Marrocos, o melhor time da África no ranking da FIFA, em 11º lugar, inicia o torneio no domingo, às 19h GMT, contra as pequenas Comores, no novo Estádio Príncipe Moulay Abdellah, com 69.000 lugares, em Rabat. Há uma enorme pressão sobre os Leões do Atlas, semifinalistas da Copa do Mundo de 2022, que chegam à Copa das Nações com um recorde mundial de 18 vitórias consecutivas.
“Sempre disse que o objetivo é vencer esta AFCON em casa, diante dos nossos torcedores”, insistiu o técnico Walid Regragui no sábado. “O país que terá mais dificuldade em vencer a AFCON é Marrocos, por causa da expectativa que temos sobre nós”, alertou, no entanto, enquanto procuram conquistar o título pela primeira vez desde 1976. “A pressão sobre nós é positiva, mas qualquer coisa que não seja a vitória será um fracasso”.

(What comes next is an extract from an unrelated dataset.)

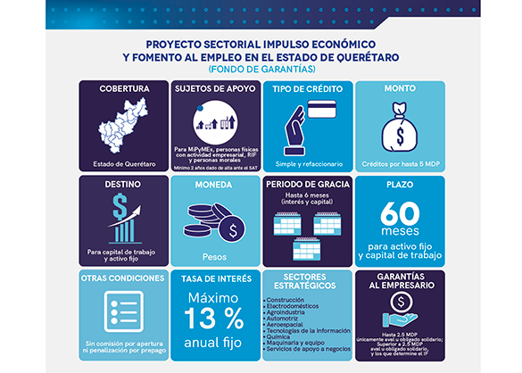Las empresas interesadas pueden solicitar que la administración estatal sea su aval en la solicitud de un crédito bancario simple o refaccionario por hasta cinco millones de pesos, monto que se podrá utilizar para capital de trabajo o en la adquisición de activo fijo; la tasa de interés máxima será de 13 por ciento anual fija por un plazo de hasta 60 meses.
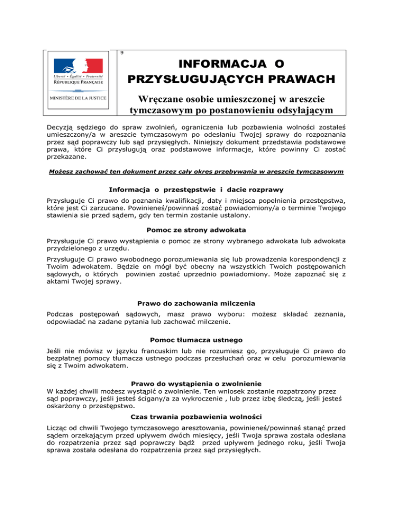 9 INFORMACJA O PRZYSŁUGUJĄCYCH PRAWACH Wręczane osobie umieszczonej w areszcie tymczasowym po postanowieniu odsyłającym Decyzją sędziego do spraw zwolnień, ograniczenia lub pozbawienia wolności zostałeś umieszczony/a w areszcie tymczasowym po odesłaniu Twojej sprawy do rozpoznania przez sąd poprawczy lub sąd przysięgłych. Niniejszy dokument przedstawia podstawowe prawa, które Ci przysługują oraz podstawowe informacje, które powinny Ci zostać przekazane. Możesz zachować ten dokument przez cały okres przebywania w areszcie tymczasowym Informacja o przestępstwie i dacie rozprawy Przysługuje Ci prawo do poznania kwalifikacji, daty i miejsca popełnienia przestępstwa, które jest Ci zarzucane. Powinieneś/powinnaś zostać powiadomiony/a o terminie Twojego stawienia sie przed sądem, gdy ten termin zostanie ustalony. Pomoc ze strony adwokata Przysługuje Ci prawo wystąpienia o pomoc ze strony wybranego adwokata lub adwokata przydzielonego z urzędu. Przysługuje Ci prawo swobodnego porozumiewania się lub prowadzenia korespondencji z Twoim adwokatem. Będzie on mógł być obecny na wszystkich Twoich postępowanich sądowych, o których powinien zostać uprzednio powiadomiony. Może zapoznać się z aktami Twojej sprawy. Prawo do zachowania milczenia Podczas postępowań sądowych, masz prawo wyboru: odpowiadać na zadane pytania lub zachować milczenie. możesz składać zeznania, Pomoc tłumacza ustnego Jeśli nie mówisz w języku francuskim lub nie rozumiesz go, przysługuje Ci prawo do bezpłatnej pomocy tłumacza ustnego podczas przesłuchań oraz w celu porozumiewania się z Twoim adwokatem. Prawo do wystąpienia o zwolnienie W każdej chwili możesz wystąpić o zwolnienie. Ten wniosek zostanie rozpatrzony przez sąd poprawczy, jeśli jesteś ścigany/a za wykroczenie , lub przez izbę śledczą, jeśli jesteś oskarżony o przestępstwo. Czas trwania pozbawienia wolności Licząc od chwili Twojego tymczasowego aresztowania, powinieneś/powinnaś stanąć przed sądem orzekającym przed upływem dwóch miesięcy, jeśli Twoja sprawa została odesłana do rozpatrzenia przez sąd poprawczy bądź przed upływem jednego roku, jeśli Twoja sprawa została odesłana do rozpatrzenia przez sąd przysięgłych. Poinformowanie niektórych osób Przysługuje Ci prawo powiadomienia o Twoim areszcie tymczasowym wybranych przez siebie osób, a zwłaszcza członków Twojej rodziny. Jeśli jesteś obywatelem innego państwa, przysługuje Ci również prawo władz konsularnych Twojego państwa. powiadomienia Badanie lekarskie Przysługuje Ci prawo poproszenia o poddanie badaniu lekarskiemu. Dostęp do akt sprawy Przysługuje Ci prawo cyfrowej. otrzymania kopii akt postępowania, w razie potrzeby w formie

O lateral-direito do Paris Saint-Germain, Hakimi, eleito o jogador africano do ano, diz que está pronto para participar, apesar de não ter jogado desde que sofreu uma lesão no tornozelo no início de novembro. “Sinto-me bem”, disse Hakimi, embora Regragui tenha admitido que o antigo jogador do Real Madrid poderá não jogar contra as Comores nos próximos jogos do Grupo A, frente ao Mali e à Zâmbia. Hakimi acrescentou: “Não penso em mim como indivíduo. Se jogar apenas um minuto e a equipa vencer, tudo bem”.
Eles têm sido bons em vencer ultimamente – o Marrocos venceu a recente Copa do Mundo Sub-20 e o triunfo do país na final da Copa Árabe da FIFA contra a Jordânia, em Doha, esta semana, levou os torcedores às ruas para comemorar.
Amontoado no calendário
Para Marrocos, este torneio também pretende apresentar alguns estádios de classe mundial, uma vez que acolhe a primeira AFCON desde 1988. O Estádio Príncipe Moulay Abdellah, que também acolherá a final, é um dos quatro utilizados em Rabat. Um enorme estádio com 75.000 lugares em Tânger acolherá uma semifinal, enquanto os jogos também serão disputados em Casablanca, Marraquexe, Agadir e Fez, à medida que o país se prepara para o Campeonato do Mundo de 2030, que será co-anfitrião com Espanha e Portugal.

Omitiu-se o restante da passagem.